Databases, Data warehouse, hadup, all these different, uh, increment of big data and all kinds of weird streaming data. In memory. Iot, I've got a big thing for devices and that, uh, fits in well with getting data in a stream, quickly, doing things with it. Before that, I was at Pivotal. Where I was doing pretty much the same thing, but also little bit on spring and microservices, which is come back full circle now that spring and P are actively working together on a couple of projects, which is, uh, pretty exciting for us who've done, uh, spring and Java for a number of years.

And I'm gonna be out at the spring conference later this year talking about. Well, we'll see if, uh, we're going full, uh, Ghostbusters outfit or [00:03:00] not.

[00:03:00] Matt Yonkovit: oh boy.

[00:03:01] Tim Spann: cluster on my back. Carried around that probably

[00:03:04] Matt Yonkovit: that would be cool. We could do a cluster of raspberry pies on your.

[00:03:08] Tim Spann: Hmm. Cause I mean, I've got some devices attached to my, uh, jumpsuit already, so we'll see.

[00:03:15] Matt Yonkovit: Okay. Wait, wait, wait. What is that device and why is it attached to your jumpsuit?
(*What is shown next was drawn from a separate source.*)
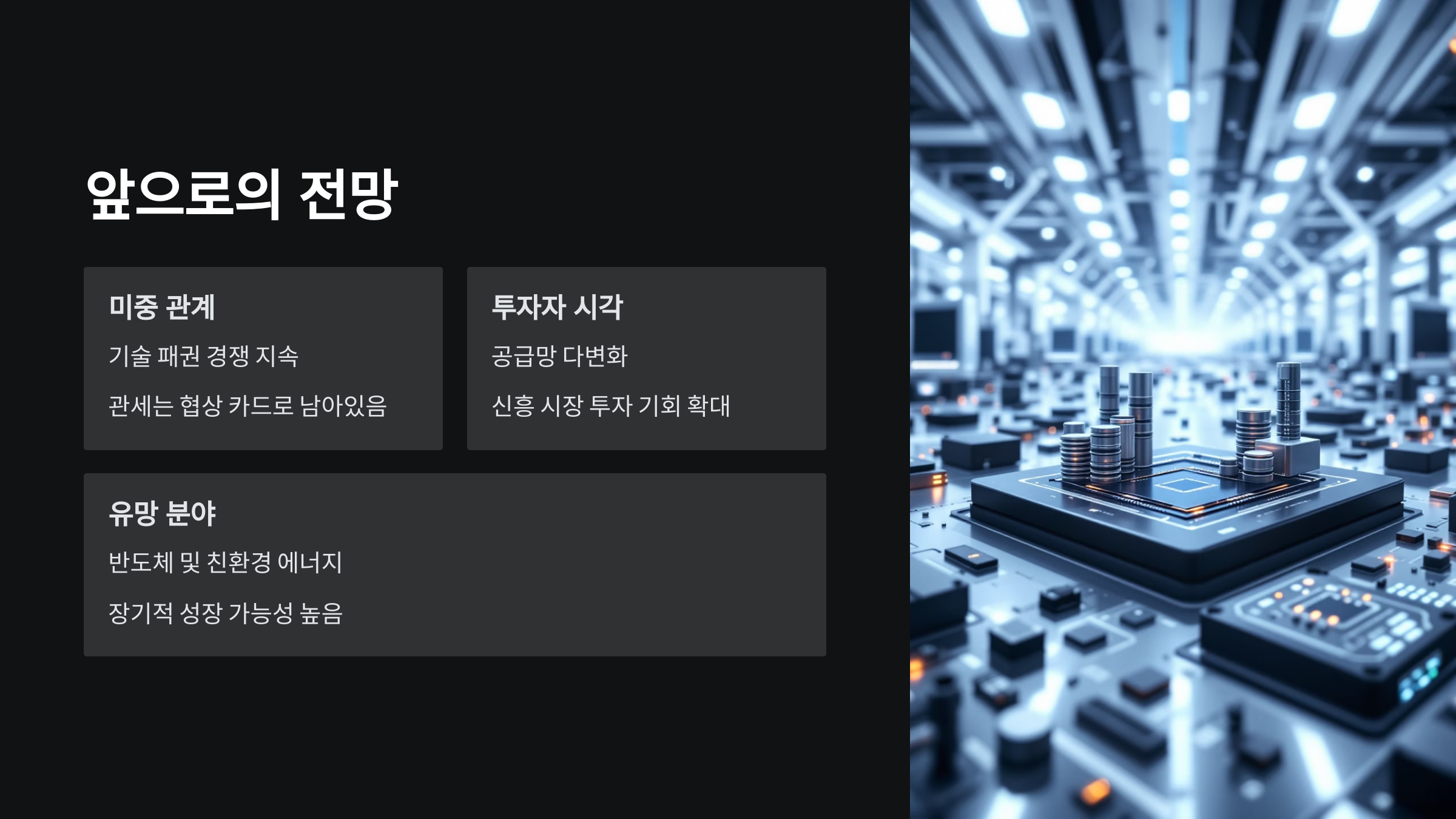 💡 투자 팁: 반도체 및 친환경 에너지 분야는 미중 갈등 속에서도 장기적으로 성장 가능성이 높은 섹터로 평가됩니다.

[00:03:20] Tim Spann: Wow cuz they got a place to put it on a belt. Uh, this is one of the nice, uh, devices that come from, uh, Ada Fruit, New York. Uh, Lady Eight and the team there have some awesome devices. Obviously now it's a little harder to get stuff cuz if. Global supply chain, not using Pulsar, you know, what are you gonna do?

 this one is interesting cuz off the shelf uses micro python to send messages out every couple of seconds. It's got a couple of sensors here for temperature, humidity,

[00:03:53] Matt Yonkovit: So wait, you have a pressure, humidity, temperature sensor on your.[00:04:00] 

[00:04:00] Tim Spann: Yeah. I gotta figure out where to put it. And you. Do I hook it up to the back? You know, maybe that goes in the back on top of the uh, pack, because I gotta still build out a pack, but

Nice is this is going to pulsar.

[00:04:15] Matt Yonkovit: Oh, oh, okay. That's cool. But I'm still trying to figure out if you're just trying to make sure you don't go overheated, was it, was it something like your family's worried that as you go out in that suit you could get overheated?

[00:04:24] Tim Spann: It, this actually is a use case that came up. I don't remember what year that was, a couple of years ago. I was working with, uh, a customer that does utilities and they were working on a combination smart suit, which it probably would've made more sense to be a smart jumpsuit, so they had some sensors in there.

So yeah, part of it is temperature. And then some of the other sensors I've got next to me makes sense, more sense air quality, carbon monoxide levels, other methane, other noxious gases. I mean, [00:05:00] heat's important. You don't wanna be overheating, but you definitely don't wanna be breathing in some weird, uh, weird chemicals that might be more important.

Sends it right to pulsar, goes to central command. You know, obviously you could change a color locally, but you could be busy not really thinking about what's going on on your self.

[00:05:19] Matt Yonkovit: so.

[00:05:20] Tim Spann: someone else can tell you, you know, you get a ping in your, in your, uh, wireless Bluetooth headset that says, Hey Tim, get outta there.

Uh, sensors are going off the. You know, maybe there's ghost, who knows, Whatever it is, get out of that building. So there is, there is a need to have real time stream, even in the, the physical world.

[00:05:39] Matt Yonkovit: Okay. So, but what you're saying, and, and this is a, this is actually a pretty interesting use case and a pretty cool thing and you're saying that there is some entity out there that was working on suit. For people who are working maybe in mines, maybe in, you know, like sewers or, you know, with, you know, petrol, chemical plants, whatever.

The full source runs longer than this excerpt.